The dry sliding wear behaviour of titanium (Grade 5) alloy has been investigated in order to highlight the mechanisms responsible for the poor wear resistance under different applied normal load, sliding speed, and sliding distance conditions. Design of experimental technique, that is, response surface methodology (RSM), has been used to accomplish the objective of the experimental study. The experimental plan for three factors at three levels using face-centre central composite design (CCD) has been employed. The results indicated that the specific wear rate increases with an increase in the applied normal load and sliding speed. However, it decreases with an increase in the sliding distance and a decrease in the sliding speed. The worn surfaces of the titanium alloy specimens were analyzed with the help of scanning electron microscope (SEM), energy dispersive spectroscopy (EDS), and X-ray diffraction (XRD) techniques. The predicted result also shows the close agreement with the experimental results and hence the developed models could be used for prediction of wear behaviour satisfactorily.

1. Introduction

Titanium and its alloys exhibit a unique combination of mechanical, physical, and corrosion resistance properties which have made them desirable for critical application in aerospace industries and chemical and energy industries. In comparison to light weight alloys based on aluminum, magnesium and titanium alloys present interesting possibilities as tribomaterials, but they have not been widely investigated as bearing materials [1]. The tribological concerns for titanium alloy in aerospace components have focused mainly on their fretting behavior, leading to research on surface treatments like ion implantation and solid film lubrication [2, 3].
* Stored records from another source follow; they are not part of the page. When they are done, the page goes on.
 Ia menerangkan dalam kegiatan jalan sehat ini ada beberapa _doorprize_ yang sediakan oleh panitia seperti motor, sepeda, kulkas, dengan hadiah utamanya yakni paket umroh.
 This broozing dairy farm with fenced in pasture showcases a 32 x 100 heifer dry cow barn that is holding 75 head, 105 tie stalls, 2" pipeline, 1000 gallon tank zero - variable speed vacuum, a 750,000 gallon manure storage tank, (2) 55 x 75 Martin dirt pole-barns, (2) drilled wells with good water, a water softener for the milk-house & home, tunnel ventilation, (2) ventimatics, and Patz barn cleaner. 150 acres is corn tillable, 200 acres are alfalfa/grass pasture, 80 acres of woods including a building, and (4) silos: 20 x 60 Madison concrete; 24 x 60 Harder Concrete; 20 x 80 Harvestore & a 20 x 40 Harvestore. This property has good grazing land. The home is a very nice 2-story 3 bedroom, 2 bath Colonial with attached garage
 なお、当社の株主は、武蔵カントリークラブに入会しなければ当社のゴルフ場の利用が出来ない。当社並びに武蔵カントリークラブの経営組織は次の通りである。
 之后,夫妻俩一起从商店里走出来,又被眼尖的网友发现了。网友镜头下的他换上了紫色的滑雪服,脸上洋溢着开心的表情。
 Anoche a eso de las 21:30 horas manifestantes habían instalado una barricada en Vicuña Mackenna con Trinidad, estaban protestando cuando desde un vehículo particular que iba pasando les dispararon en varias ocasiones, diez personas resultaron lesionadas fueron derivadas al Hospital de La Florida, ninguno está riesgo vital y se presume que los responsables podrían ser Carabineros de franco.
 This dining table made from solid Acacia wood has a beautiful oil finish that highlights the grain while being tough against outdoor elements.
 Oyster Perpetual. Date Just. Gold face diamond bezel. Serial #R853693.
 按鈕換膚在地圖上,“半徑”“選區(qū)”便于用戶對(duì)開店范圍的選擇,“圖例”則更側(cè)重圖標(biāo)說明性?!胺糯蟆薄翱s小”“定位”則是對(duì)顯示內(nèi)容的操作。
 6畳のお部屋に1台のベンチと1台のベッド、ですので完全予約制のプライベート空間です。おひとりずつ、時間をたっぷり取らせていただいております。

However, titanium and titanium alloys generally exhibit poor fretting, wear resistance, and tribological properties even when sliding against softer materials. One of the main reasons behind poor tribological properties of titanium alloys is the low thermal conductivity of these alloys [4]. This is due to the disruption of extremely thin, low shear strength, oxide film, consisting mainly of titanium dioxide (TiO2) which results in both depassivation and subsequent accelerated wear of the metallic surface due to the displaced particles of oxide giving rise to three-body abrasive wear [510].
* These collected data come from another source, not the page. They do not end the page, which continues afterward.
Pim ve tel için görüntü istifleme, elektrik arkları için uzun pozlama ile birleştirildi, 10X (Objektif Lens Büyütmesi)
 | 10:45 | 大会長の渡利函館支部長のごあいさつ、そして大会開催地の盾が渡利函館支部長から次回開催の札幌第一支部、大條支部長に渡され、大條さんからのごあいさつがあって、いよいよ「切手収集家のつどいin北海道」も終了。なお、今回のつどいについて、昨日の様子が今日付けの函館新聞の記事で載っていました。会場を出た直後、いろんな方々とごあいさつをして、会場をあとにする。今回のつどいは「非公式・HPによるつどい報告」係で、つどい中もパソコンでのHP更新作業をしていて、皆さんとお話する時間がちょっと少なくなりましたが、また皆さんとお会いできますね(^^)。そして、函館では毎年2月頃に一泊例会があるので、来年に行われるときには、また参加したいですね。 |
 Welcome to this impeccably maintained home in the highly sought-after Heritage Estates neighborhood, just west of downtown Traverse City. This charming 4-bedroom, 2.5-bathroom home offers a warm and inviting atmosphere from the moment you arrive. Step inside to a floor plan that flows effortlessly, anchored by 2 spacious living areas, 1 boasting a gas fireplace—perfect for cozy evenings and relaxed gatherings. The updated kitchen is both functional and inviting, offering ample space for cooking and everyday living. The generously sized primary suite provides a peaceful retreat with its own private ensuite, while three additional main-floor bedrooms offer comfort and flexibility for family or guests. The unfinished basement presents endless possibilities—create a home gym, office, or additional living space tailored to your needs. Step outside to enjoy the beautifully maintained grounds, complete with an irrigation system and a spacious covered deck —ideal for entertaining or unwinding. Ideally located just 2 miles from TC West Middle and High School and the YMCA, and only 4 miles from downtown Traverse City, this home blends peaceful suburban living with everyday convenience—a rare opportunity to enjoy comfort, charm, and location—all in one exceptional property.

The use of titanium alloys in sliding applications is limited because of their poor wear resistance [11]. This is due to low resistance of titanium alloys to plastic shearing as well as low protection by surface oxide formed as a consequence of high flash temperatures (induced by frictional heating) during dry sliding [12]. The poor tribological behaviour of titanium alloy is characterized by high coefficients of friction, severe adhesive wear with a strong tendency to seizing, and low abrasion resistance [13]. For this reason, different approaches by different researchers have been proposed for improving tribological properties of titanium alloys. These include surface treatment, ion implanted, coating, and oxygen diffusion [1417].

During sliding, the heat generated is dissipated slowly and raises the interface temperature, which in turn deteriorates the tribological performance of sliding titanium. Thus the temperature of sliding surface needs to be controlled [4]. Several investigations have been conducted on dry sliding wear mechanisms of titanium alloys. Molinari et al. [18] highlighted the mechanisms responsible for the wear resistance under different load and sliding speed conditions in self-mated Ti-6Al-4V disk-on-disk sliding tests. They found that by increasing the sliding speed, a transition from oxidative wear to delamination occurs with a corresponding minimum in the wear rate.

Basu et al. [19] found that friction and wear of high purity titanium decreased when sliding against steel in liquid nitrogen. In general, wear volume of titanium alloy for both dry and cryogenic conditions increases with increase in sliding speed, applied load, or sliding distance and this increase is more pronounced at higher levels of the variables. It is well known that interface temperature increases with increase in speed, load, and sliding distance. Also Pinto et al. [20] reported that at extreme low temperature (4–20 K) austenite in stainless steel and steel were transformed into martensite and this caused the stainless steel and steel to become harder, which resulted in higher wear resistance. Also it is well known that sliding of metals produces very large plastic shear strains at the sliding interface and large strain gradients in the near surface material. At high strain rates, metals and alloys frequently show narrow zones of highly localized deformation, referred to as adiabatic shear bands [21, 22].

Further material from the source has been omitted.